Parallel I/O with MPI-IO
Parallel applications commonly need to write distributed arrays to disk. Given a parallel file system such as Lustre, it should be possible somehow to do a parallel write of a distributed array, yet have everything end up in a single file. Clearly, this cannot be done using standard file streams; a more sophisticated interface is needed.
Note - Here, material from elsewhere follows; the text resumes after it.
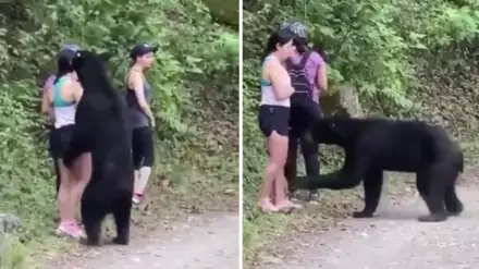 Необычная встреча с медведем произошла на севере Мексики. К туристам, гулявшим по экологическому парку, на дорогу вышел медведь и стал их обнюхивать. Как ясно из видео, туристам посоветовали не двигаться и подождать, пока зверь уйдет.

This is where MPI-IO comes in.
Why is parallel I/O part of MPI?
- I/O was lacking from the MPI-1 specification
- It was defined independently due to need, then subsumed into MPI-2
What is parallel I/O for MPI? It occurs when
- multiple MPI tasks can read or write simultaneously,
- from or to a single file,
- in a parallel file system,
- through the MPI-IO interface.
A parallel file system works by
- appearing as a normal Unix file system, while
- employing multiple I/O servers (usually) for high sustained throughput.
HPC parallel I/O requires some extra work, but it
- potentially provides high throughput and
- offers a single (unified) file for visualization and pre/post-processing.
It should be acknowledged that MPI-IO is a fairly low-level interface for doing parallel I/O. At the application level, it may be preferable to make use of a more abstract library that is built on top of MPI-IO, even though this constrains the file format that the application works with. A good example would be parallel HDF5. The interested reader is encouraged to look at (and try!) the HDF5 examples in the Parallel I/O Libraries roadmap.